Avec sa longue queue bleue et jaune, et malgré sa gueule veule, le dragon avait un air gracieux. Elle observait, progressant sur la droite, un personnage vêtu de pourpre sous un baldaquin tenu par deux laquais à perruque. L'homme portait la toque rouge des cardinaux et faisait mine de bénir la foule à grands coups de goupillon. Le visage, tourné vers elle - il avait dû la remarquer -, était couvert d'une maschera, rouge elle aussi. Mais elle voyait sourire ses lèvres laissées nues. Elle haussa les épaules au passage d'une libellule. Grotesque ! Une libellule, c'est léger, transparent, et la grosse femme qui portait les ailes diaphanes comme un écolier son sac à dos, était opaque, hommasse. Et son rouge à lèvres répugnant ! De la confiture de fraises sur une bouche goulue. Hanna reporta son regard en direction du baldaquin, recula pour faire place aux porteurs et c'est alors qu'elle le vit, droit devant elle. C'était bien lui, le type d'hier soir, avec son masque jaune, sans yeux ! Il venait vers elle, enveloppé dans sa longue cape noire, le tricorne sur la tête. Elle s'aperçut qu'il boitait, s'aidant de sa « monture » pour progresser. Ici, dans la cohue, parmi les diables rouges ou noirs, les astronautes ou les Capitaine Fracasse, il n'avait rien d'effrayant. On ne le distinguait ni plus ni moins que Louis XIV avec son soleil, ou la grande bringue à ses côtés qui balayait sa mantille violette avec un éventail nacré. N'empêche qu'elle ne pouvait détacher ses yeux de l'homme aux yeux morts. Comme il avançait vers elle, elle fit un geste instinctif - elle s'en voulut aussitôt - pour reculer. Mais avant de la croiser, l'homme s'était arrêté devant le baldaquin, incliné devant la pourpre cardinalice...

C'est à cet instant que la grosse libellule passa. Et s'arrêta, gesticulant comme si elle allait prendre son envol. Hanna ne voyait plus que le névroptère énorme et dérangeant qui criait sans qu'on l'entende dans le tintamarre général. De fort mauvais poil, un pingouin la tira par ses élytres, l'écartant de force. Hanna, qui cherchait l'homme au tricorne, fut à la fois déçue et rassurée de le voir qui s'éloignait, marchant vite, malgré son handicap. Avant d'être happé par la foule pour disparaître derrière les arcades.
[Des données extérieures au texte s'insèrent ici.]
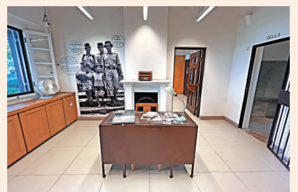
▲舊大埔警署的報案室仍然保留。

Alors seulement, elle se rendit compte que l'immobilité du baldaquin, bloquant le flot des travestis sur la place, n'était pas normale. Certes, à côté d'elle, Harry Potter, un Harry Potter bien en chair, n'avait pas bougé. Mais autour du baldaquin, les laquais, d'autres encore, s'excitaient et quand le bailli qui masquait le cardinal se retourna, visage hagard, son chaperon marron à la main, fonçant dans la foule en criant à tue-tête : "Presto, presto ! Un medico, un medico !" ("avec l'accent du Major Thomson, mais en plus prononcé", se rappellerait-elle), la jeune femme aperçut, gisant sous le catafalque, le prélat rubicon, démasqué, les yeux fixes, qui ne bougeait plus. Sa toque avait glissé à terre et sur la tunique rouge sang, là où battait son cœur - 'pourquoi fallait-il que la chanson me revienne en mémoire ?" - elle ne vit pas, comme un p'tit coquelicot mesdames, comme un pt'it coquelicot. Elle devina, en le voyant planté jusqu'à la garde, le manche rouillé d'un poignard. Les visages blancs des laquais enfarinés l'accompagnèrent quand elle perdit connaissance.